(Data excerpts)
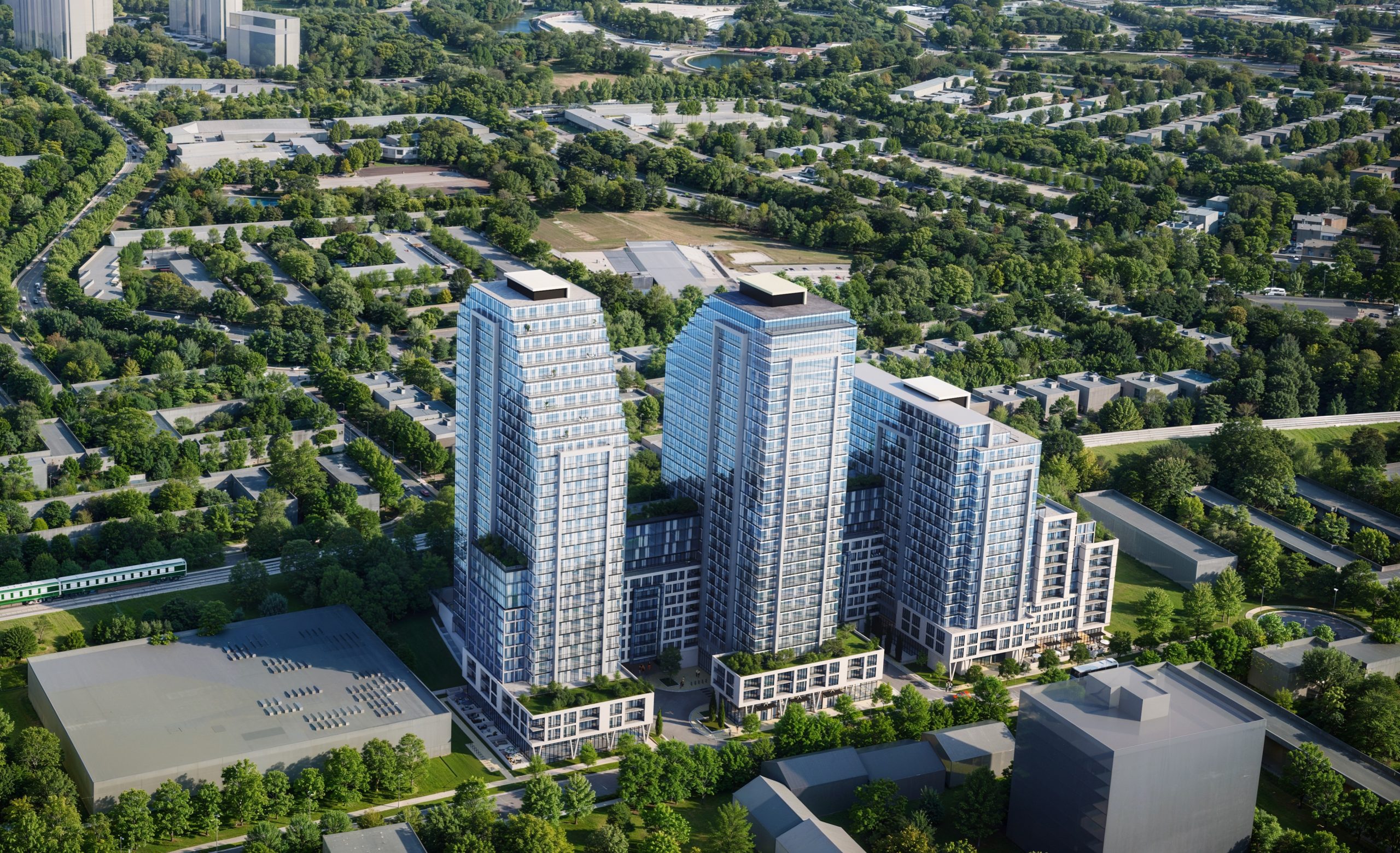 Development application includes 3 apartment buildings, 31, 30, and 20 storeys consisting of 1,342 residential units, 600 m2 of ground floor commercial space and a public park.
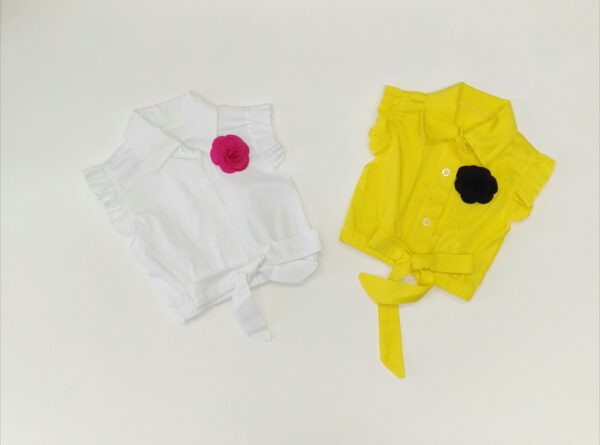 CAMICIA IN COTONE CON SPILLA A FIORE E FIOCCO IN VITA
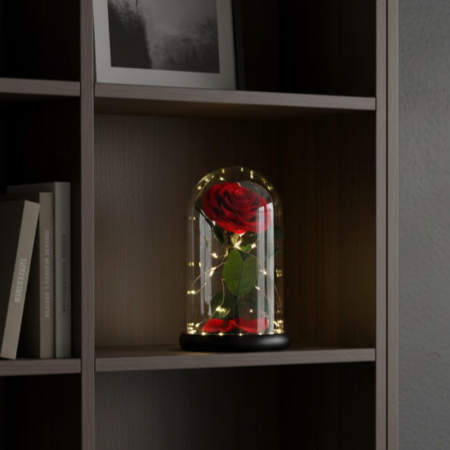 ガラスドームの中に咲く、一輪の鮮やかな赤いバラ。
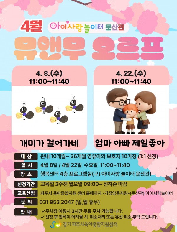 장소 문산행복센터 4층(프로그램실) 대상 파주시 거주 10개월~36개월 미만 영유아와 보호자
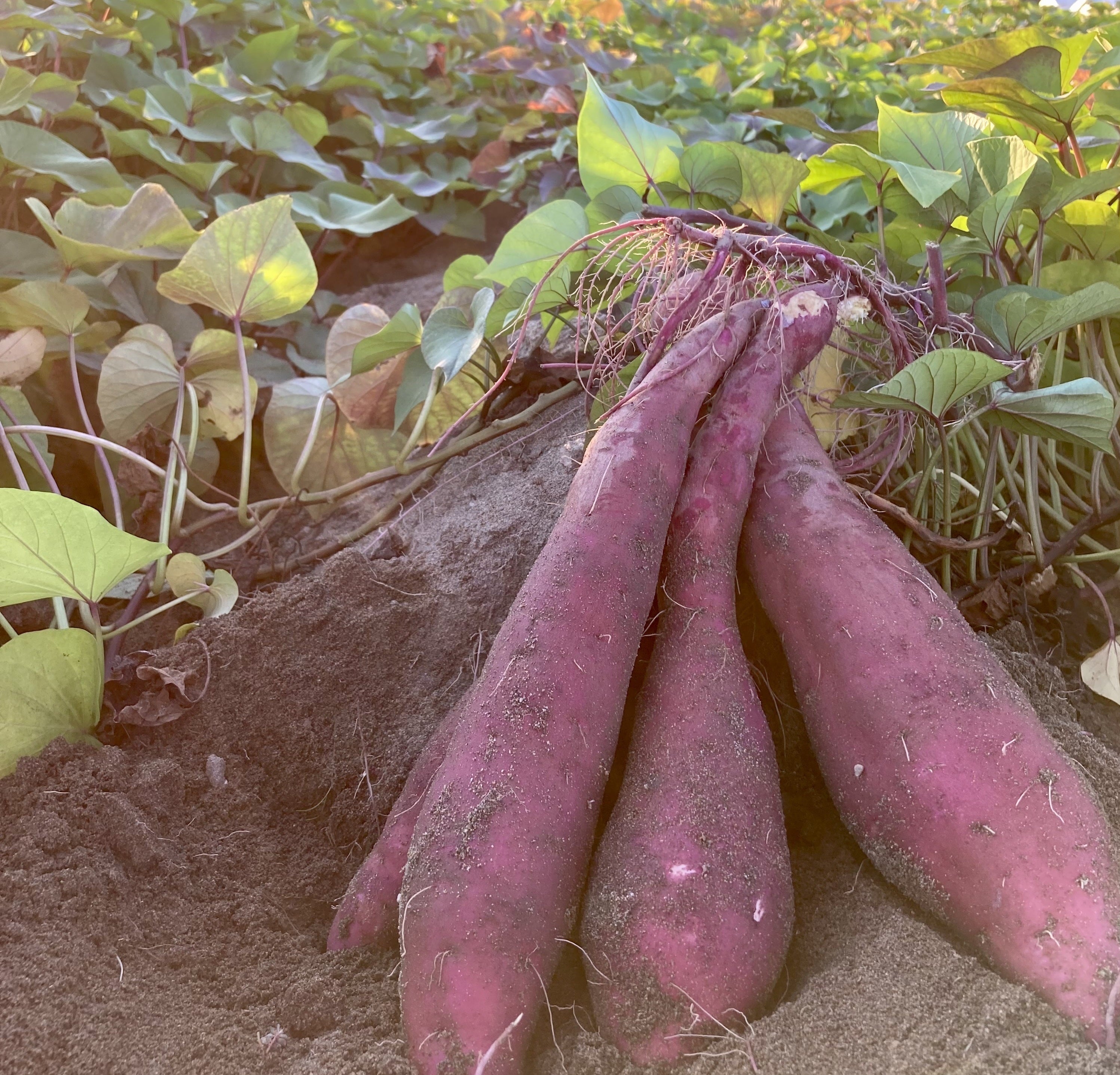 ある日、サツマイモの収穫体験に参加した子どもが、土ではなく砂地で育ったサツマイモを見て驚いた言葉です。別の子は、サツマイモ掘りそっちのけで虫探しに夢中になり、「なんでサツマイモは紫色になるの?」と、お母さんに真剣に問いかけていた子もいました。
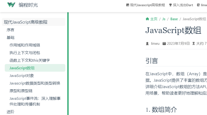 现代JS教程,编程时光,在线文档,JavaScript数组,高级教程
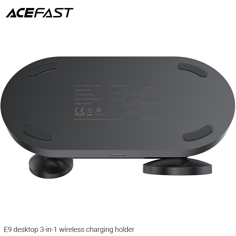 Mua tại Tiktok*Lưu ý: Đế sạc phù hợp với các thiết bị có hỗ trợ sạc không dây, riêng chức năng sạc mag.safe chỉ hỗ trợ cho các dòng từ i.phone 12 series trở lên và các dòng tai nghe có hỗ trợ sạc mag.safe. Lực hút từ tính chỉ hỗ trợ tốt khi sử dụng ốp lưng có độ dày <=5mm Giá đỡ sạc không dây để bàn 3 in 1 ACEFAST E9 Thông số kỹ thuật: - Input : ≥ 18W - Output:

WHAT THIS TASK INVOLVES> Your answer must be the lines from the one containing "ある日、サツマイモの収穫体験" through the last line of the records, printed exactly with no pictures; please include both ends.

TASK OUTPUT>
 ある日、サツマイモの収穫体験に参加した子どもが、土ではなく砂地で育ったサツマイモを見て驚いた言葉です。別の子は、サツマイモ掘りそっちのけで虫探しに夢中になり、「なんでサツマイモは紫色になるの?」と、お母さんに真剣に問いかけていた子もいました。
 现代JS教程,编程时光,在线文档,JavaScript数组,高级教程
 Mua tại Tiktok*Lưu ý: Đế sạc phù hợp với các thiết bị có hỗ trợ sạc không dây, riêng chức năng sạc mag.safe chỉ hỗ trợ cho các dòng từ i.phone 12 series trở lên và các dòng tai nghe có hỗ trợ sạc mag.safe. Lực hút từ tính chỉ hỗ trợ tốt khi sử dụng ốp lưng có độ dày <=5mm Giá đỡ sạc không dây để bàn 3 in 1 ACEFAST E9 Thông số kỹ thuật: - Input : ≥ 18W - Output:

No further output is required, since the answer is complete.